TASK: Nothing but the lines from the first line of the material below through the line that holds "CoolBest Protein Drink, een" should be set down, exactly and with pictures left out.

DATASET EXTRACT:
== Segment start ==

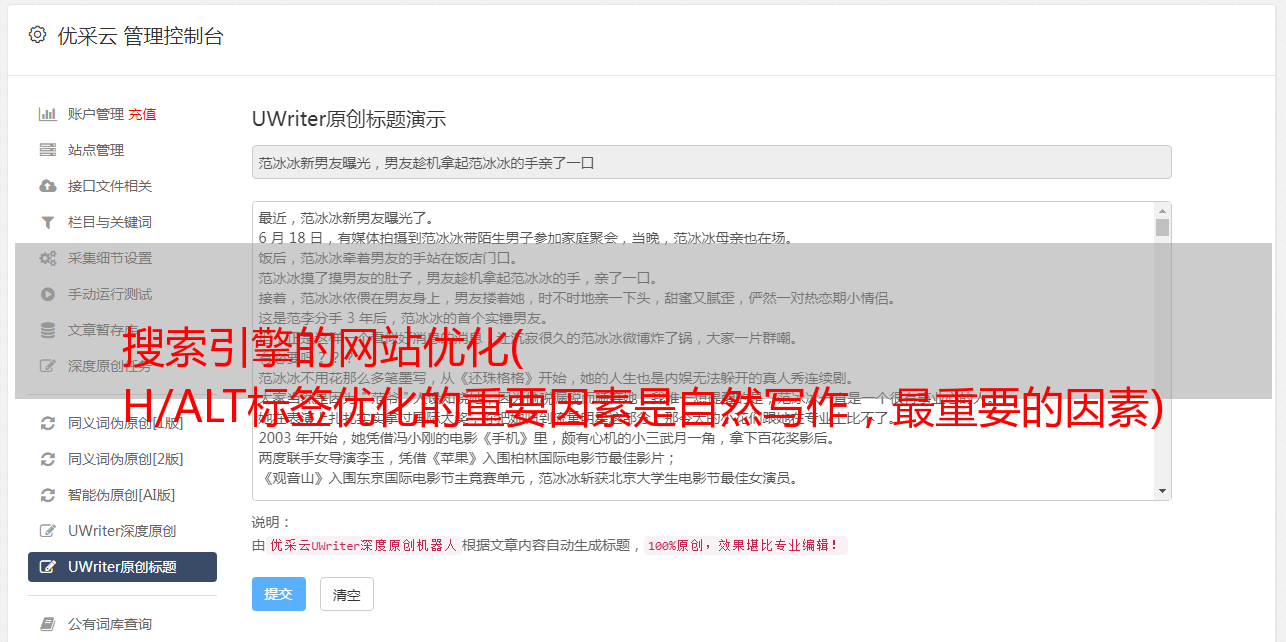 当然,H/ALT标签可以把关键字作为文章内容的焦点,但是在这些标签中,关键字不应该太多,有累积的嫌疑。一般来说,标签中收录2-3个关键字就足够了。此外,粗体、斜体等关键词也有一定的重视,但在页面写作中,最重要的是要自然。如果你觉得文章中的某个词需要强调,可以用粗体强调,不一定是关键词,这对文章很有帮助。
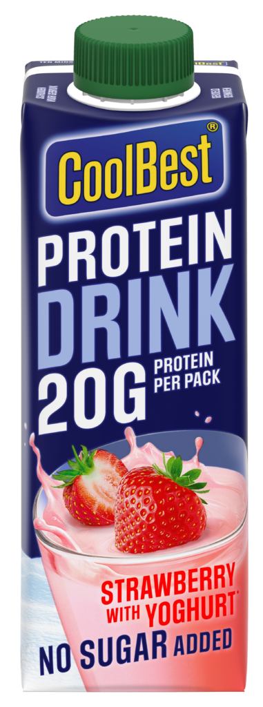 CoolBest Protein Drink, een unieke proteïne yoghurt drink gecombineerd met de beste kwaliteit fruit. Het is een mix van 40% fruit en 20 gram proteïne, vetvrij en zonder toegevoegde suikers! De eiwitten in deze drank houden je spieren sterk en ondersteunen je botten. Begin je dag lekker en fruitig! Ook handig voor onderweg!
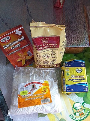 - Сахарная пудра (1,5 ст.л. - для йогуртового крема 550 г - для мастики 150 г - для творожного крема) — 700 г
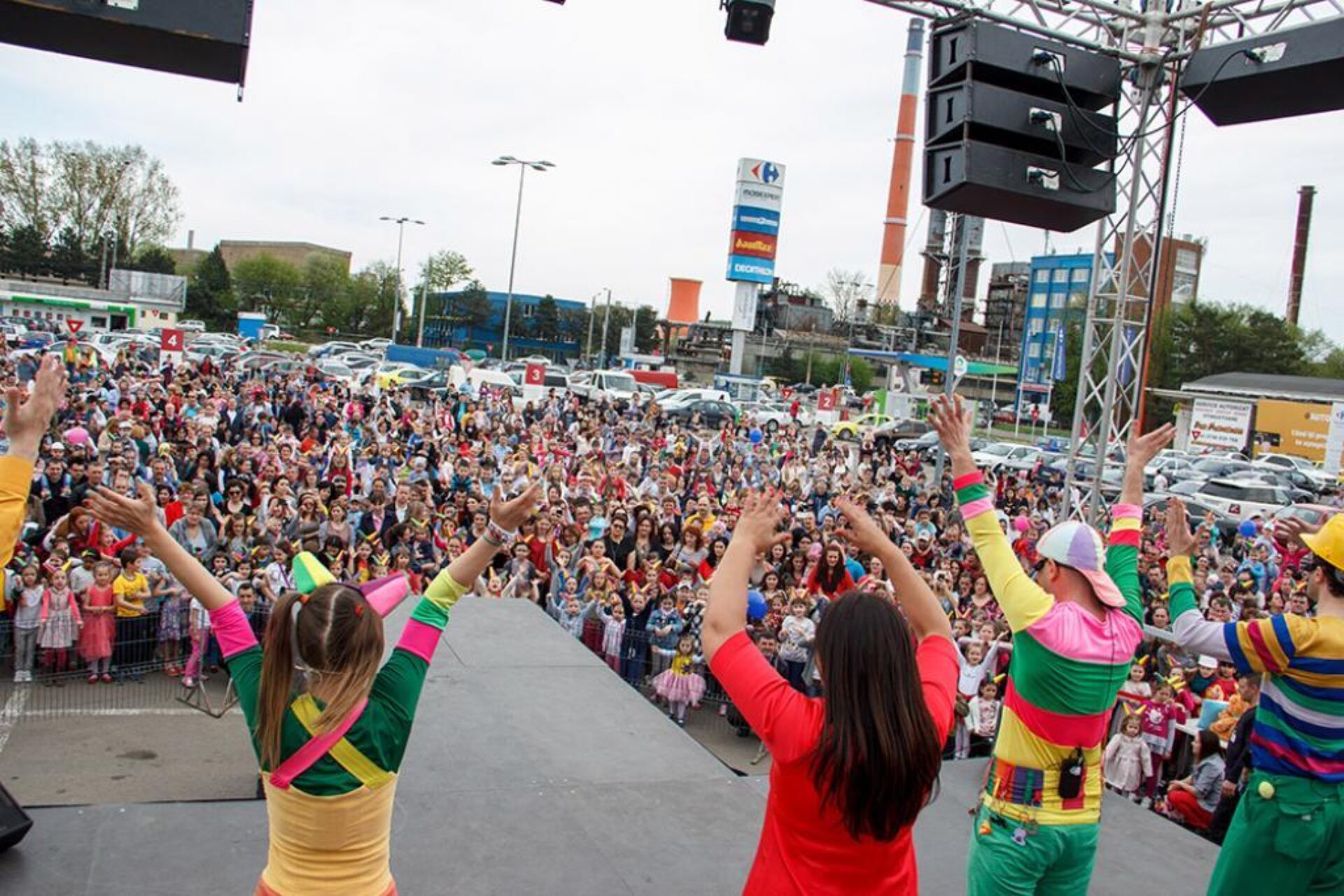 Au îmbinat teatrul, muzica și poveștile cu lecții importante pe care cei mici trebuie să le cunoască – trezitul dimineața, spălatul pe dinți, îmbrăcarea pentru școală sau grădiniță și momentul de dinainte de culcare, astfel că, alături de copii, părinții au gustat în egală măsură spectacolul găștii vesele. În plus, vremea prietenoasă a permis ca show-ul să fie organizat în parcarea centrului comercial, fiind proiectat și pe un ecran de mari dimensiuni, ceea ce a permis spectatorilor să-și vadă cât mai bine personajele preferate.

== Segment end ==

ANSWER SPACE:
 当然,H/ALT标签可以把关键字作为文章内容的焦点,但是在这些标签中,关键字不应该太多,有累积的嫌疑。一般来说,标签中收录2-3个关键字就足够了。此外,粗体、斜体等关键词也有一定的重视,但在页面写作中,最重要的是要自然。如果你觉得文章中的某个词需要强调,可以用粗体强调,不一定是关键词,这对文章很有帮助。
 CoolBest Protein Drink, een unieke proteïne yoghurt drink gecombineerd met de beste kwaliteit fruit. Het is een mix van 40% fruit en 20 gram proteïne, vetvrij en zonder toegevoegde suikers! De eiwitten in deze drank houden je spieren sterk en ondersteunen je botten. Begin je dag lekker en fruitig! Ook handig voor onderweg!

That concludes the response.